### EXERCISE MATERIALS

::::

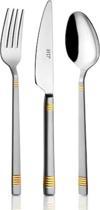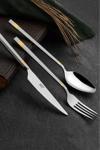 Gold detaylı modern tasarımı, sofralarınıza estetik bir dokunuş katarken, yüksek kaliteli malzemesi uzun ömürlü ve dayanıklı kullanım sağlar. Ergonomik sap tasarımı, çatal, bıçak ve kaşıkların elde rahat ve güvenli bir şekilde kullanılmasına olanak tanır.
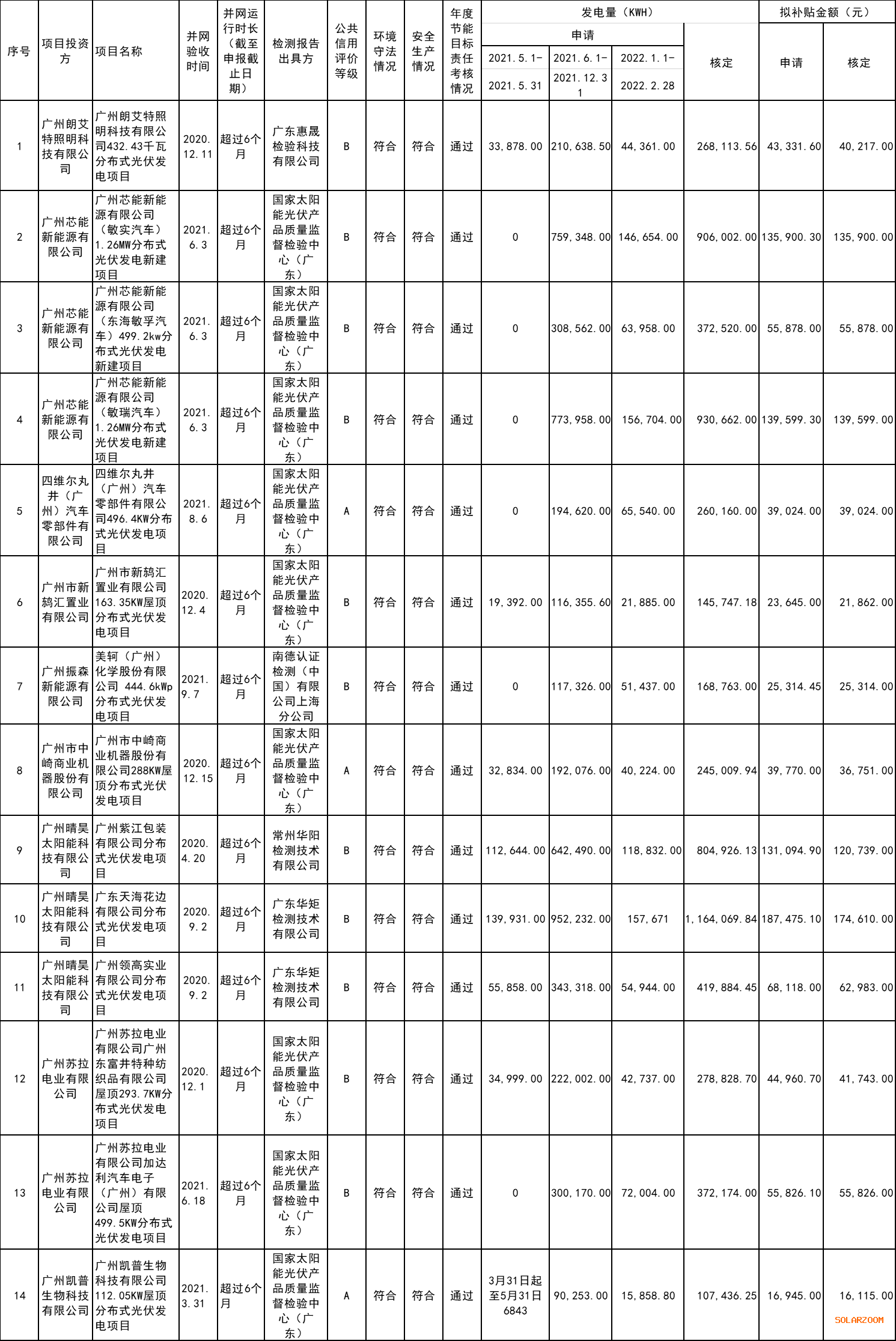 电量核定说明:《办法》从2021年5月20日起生效,5月份有效补贴日期为12天。区供电局反馈无法提供5月20日起的发电量,只能提供全月份的,故按平均法确定5月20日-31日期间的发电量,即补贴发电量=5月份全月发电量/31*12。另序号14,2021年5月20-31日期间应补贴电量按电量所属时间段平均核算。
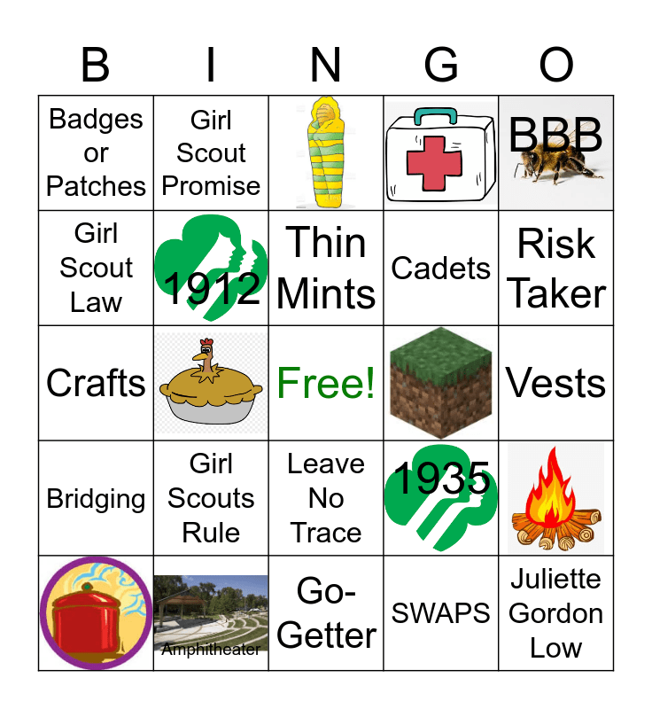 This bingo card has 10 images, a free space and 18 words: Girl Scouts Rule, Amphitheater, Thin Mints, BBB, Badges or Patches, Girl Scout Law, Girl Scout Promise, Leave No Trace, Cadets, Crafts, 1935, 1912, SWAPS, Vests, Risk Taker, Juliette Gordon Low, Bridging and Go-Getter.
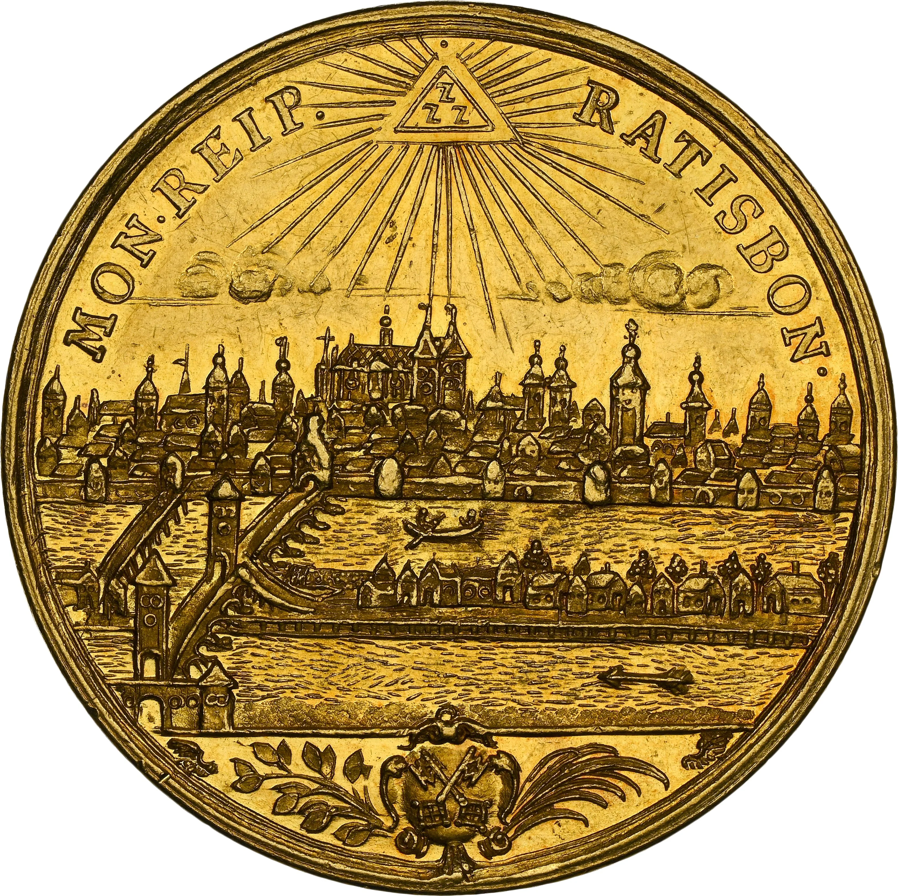 Eye of God above city view, city arms below between laurel and palm.
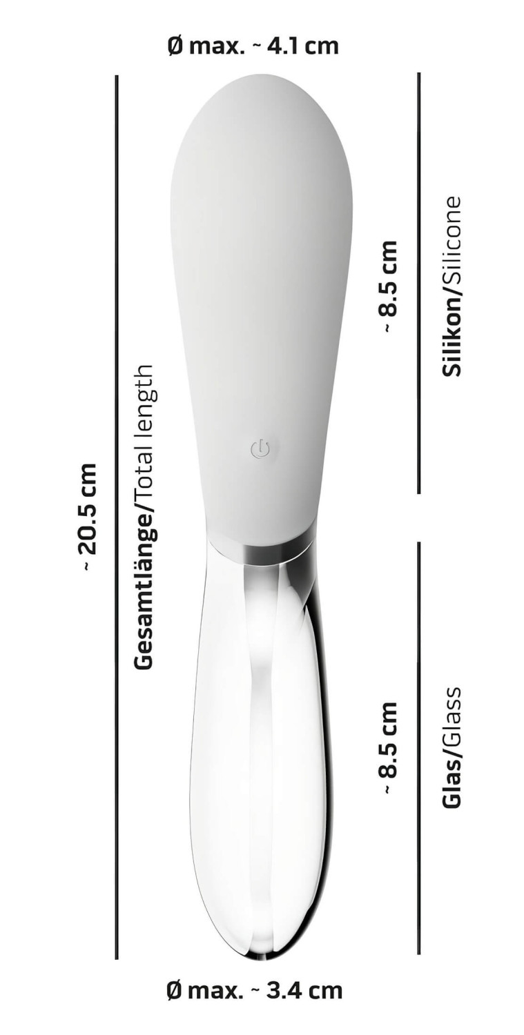 • mindkét vége használható - egyik vége bársonyos szilikonból, a másik vége pedig tömör, kiváló minőségű boroszilikát üvegből készül
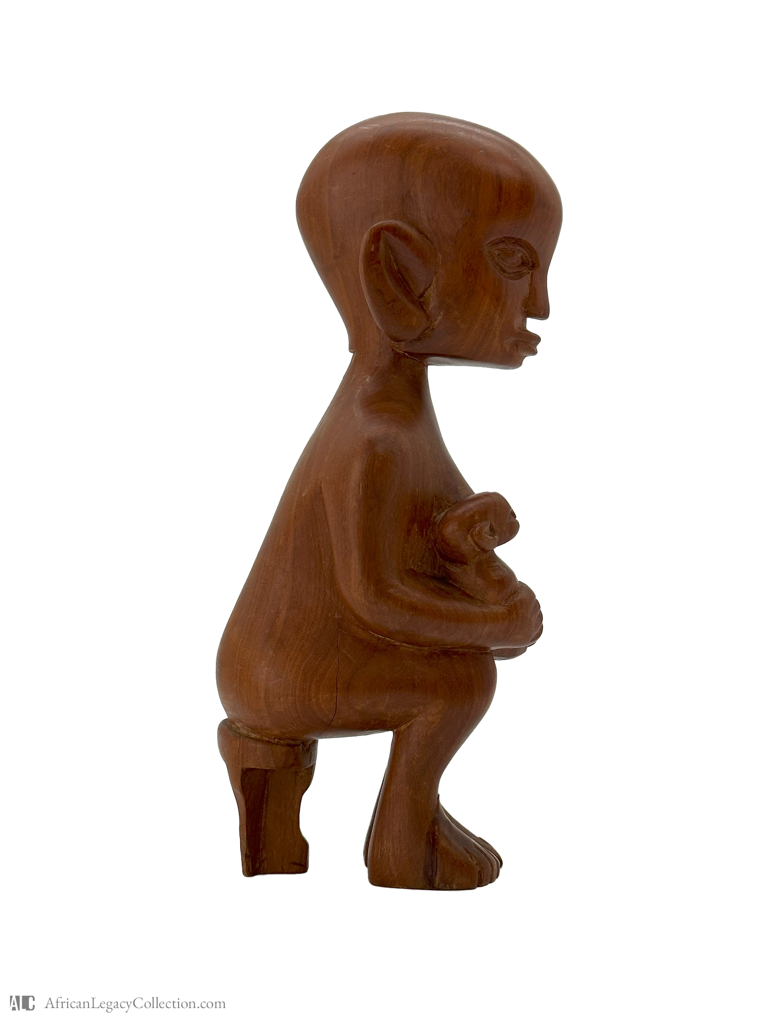 Crafted from a single piece of wood, the figure showcases detailed carving techniques. This sculpture, reflecting cultural practices, may have been created in the mid-20th century. The emphasis on motherhood highlights its significance in traditional societies, where family and lineage are central themes.
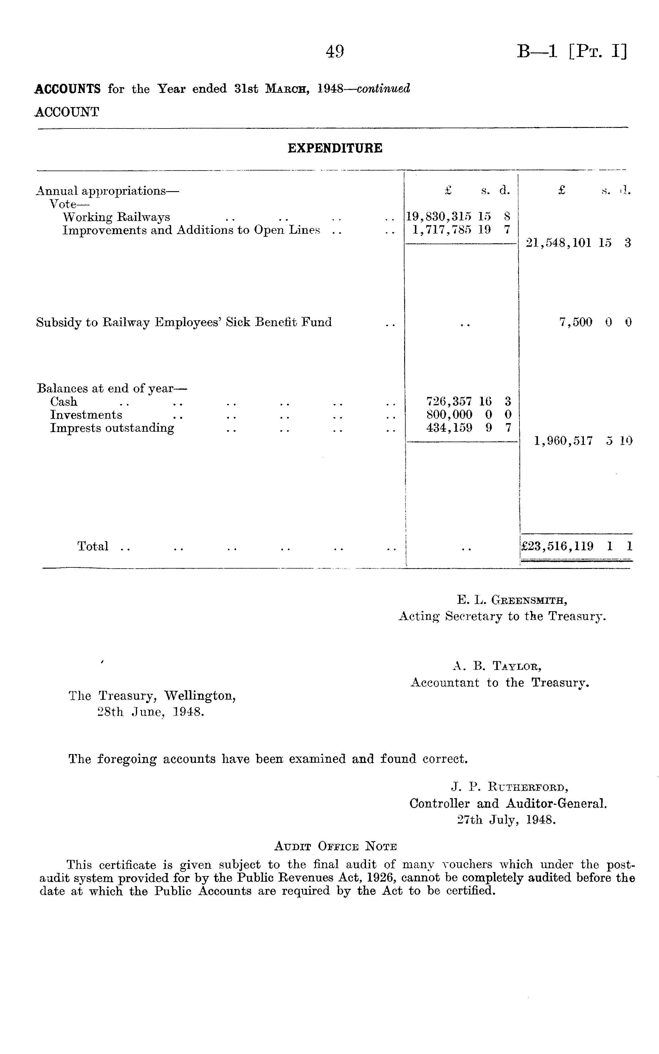 E. L. Greensmith, Acting Secretary to the Treasury. A. B. Taylor, Accountant to the Treasury. The Treasury, Wellington, 28th June, 1948. The foregoing accounts have been examined and found correct. J. P. Rutherford, Controller and Auditor-General. 27th July, 1948. Audit Office Note This certificate is given subject to the final audit of many vouchers which under the postaudit system provided for by the Public Revenues Act, 1926, cannot be completely audited before the date at which the Public Accounts are required by the Act to be certified.
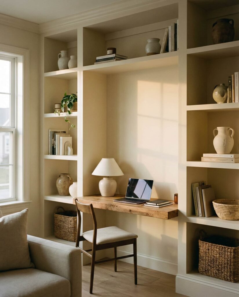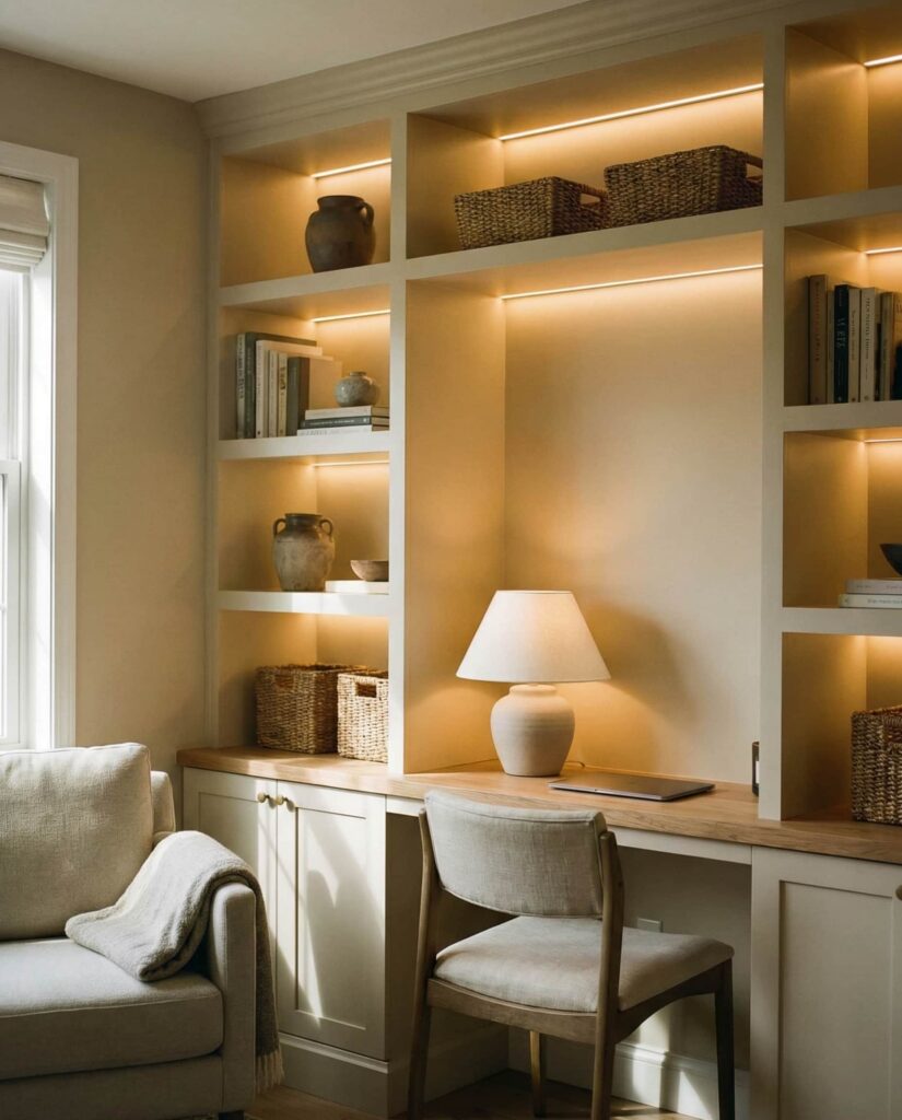 Living rooms that double as work zones benefit from shelves with desk thoughtfully built into the design. Rather than adding a separate office setup, the Desk becomes part of the shelving composition, often tucked into an alcove or side wall. I’ve seen this approach resonate with households balancing remote work and family life. Neutral Painting, integrated lighting, and simple styling help the workspace blend in, allowing the room to shift easily from productive mornings to relaxed evenings on the Couch.
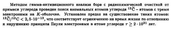 Методом гамма-активационного анализа бора с радиохимической очисткой от примеси углерода проведен поиск аномальных атомов углерода 12С атомов с тремя электронами на К-оболочке. Установлен предел на существование таких атомов: 12С/12С < 2,5·10~12, что соответствует ограничению на время жизни по отношению к нарушению принципа Паули электронами в атоме углерода г > 2 · 1021 лет.
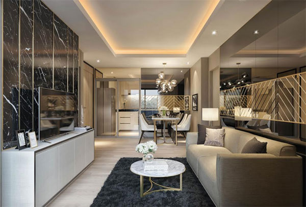 ภาพจำลองบรรยากาศภายในห้องนั่งเล่น ของห้องแบบ 2 ห้องนอน
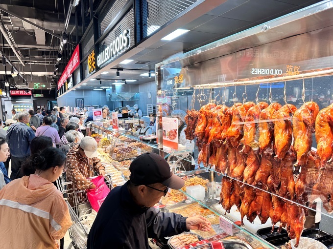 熟食區(qū)引入胖東來(lái)同款去骨豬蹄、小甜腸、牛肉干等網(wǎng)紅產(chǎn)品,同時(shí)保留北京烤鴨、韓式炸雞、土家鮮肉餅等經(jīng)典風(fēng)味,明檔廚房現(xiàn)場(chǎng)制作,保障食品新鮮與口感。
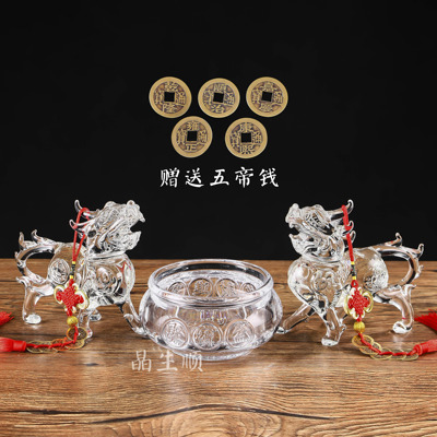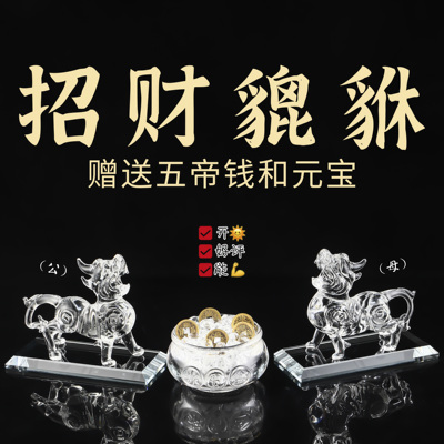 水晶貔貅招财摆件一对透明色聚财皮丘客厅玄关店铺装饰品开业礼品
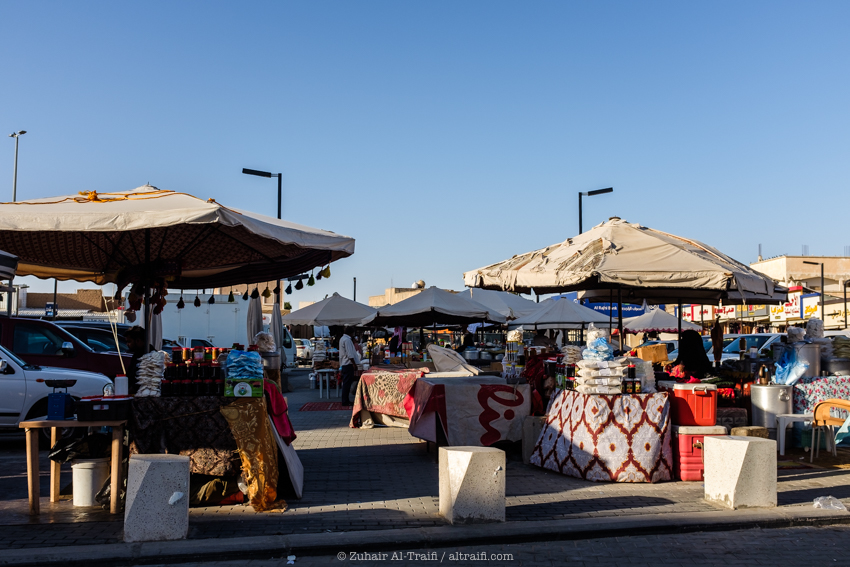 عندما وصولي للسوق كان الوقت لا يزال مبكراً ويصادف وقت صلاة العصر لذا جميع المحلات كانت مغلقة، وهناك المحلات المتخصصة لبيع ما يخص الخيام والتخييم بشكل عام استخدم جزء من الخيام نفسها لتغطية المحلات وقت إغلاقها
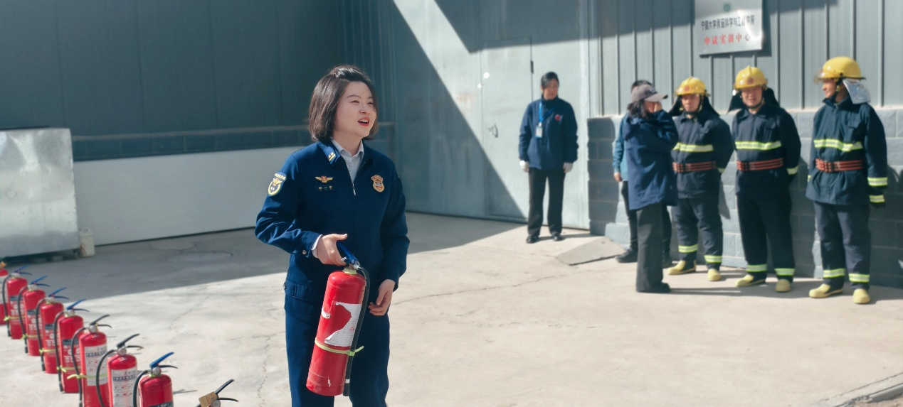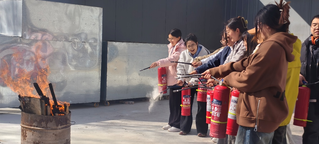 培训结束后,全体人员来到演练场,开展灭火器实操“大练兵”。高一博参谋首先讲解了干粉灭火器的原理与检查要点,随后亲自示范了“提、拔、瞄、压”四步操作法,并逐一分解动作要领,强调站位与心态的重要性。在“实战”环节,同学们跃跃欲试,在高参谋与安保人员的指导下,分批次对准模拟火源进行扑救。从初次尝试的紧张到成功灭火后的从容,同学们在实践中真正掌握了这一关键消防技能,有效提升了面对真实火情时的心理素质与处置信心。
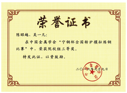 2016年9月7日至9日,中国金属学会在浙江省宁波市举办“2016年转炉炼钢生产仿真模拟培训班暨宁钢杯全国转炉模拟炼钢比赛”,Beat365官网冶金工程教研室孟征兵和张开友老师率队参加了此次比赛。由2013级学生吴一凡和陈昭越组成的Beat365中文官方网站代表队取得了院校组三等奖的好成绩,孟征兵和张开友老师获得“优秀指导奖”。Beat365官网也是广西唯一一所参加此次比赛的高校。 大赛由中国金属学会主办,浙江省冶金学会、杭州钢铁集团、宁波钢铁有限公司承办,北京科技大学、北京金恒博远冶金技术发展有限公司和宁波北仑职业高级中学协办。比赛设企业组和高校组,来自7家钢铁企业的10支代表队和来自14所高校的22支代表队参加了此次比赛,每队由2名选手组成,选手参加培训后,进行现场模拟炼钢比赛。现场比赛分为知识竞赛、实操竞赛和专家互动点评3个环节,对各项成绩进行综合排名。 转炉炼钢生产仿真模拟是以实际炼钢环境为依据,在保证钢种成分正确的前提下设计出成本最小的生产工艺。既包含了转炉炼钢基本操作,又涵盖了目前冶金行业典型钢种(45号、Q235、SPHC钢)的仿真生产操作,注重提升学生的动手实操能力和沟通协调能力,为冶金专业顶岗实习和就业打下坚实的基础。

::::

### ABOUT THIS EXERCISE
Each line above from the one containing "عندما وصولي للسوق" through the one containing "培训结束后,全体人员来到演练" is to be returned verbatim. Nothing else, and no pictures.

### SOLUTION FOR THIS PROBLEM
 عندما وصولي للسوق كان الوقت لا يزال مبكراً ويصادف وقت صلاة العصر لذا جميع المحلات كانت مغلقة، وهناك المحلات المتخصصة لبيع ما يخص الخيام والتخييم بشكل عام استخدم جزء من الخيام نفسها لتغطية المحلات وقت إغلاقها
 培训结束后,全体人员来到演练场,开展灭火器实操“大练兵”。高一博参谋首先讲解了干粉灭火器的原理与检查要点,随后亲自示范了“提、拔、瞄、压”四步操作法,并逐一分解动作要领,强调站位与心态的重要性。在“实战”环节,同学们跃跃欲试,在高参谋与安保人员的指导下,分批次对准模拟火源进行扑救。从初次尝试的紧张到成功灭火后的从容,同学们在实践中真正掌握了这一关键消防技能,有效提升了面对真实火情时的心理素质与处置信心。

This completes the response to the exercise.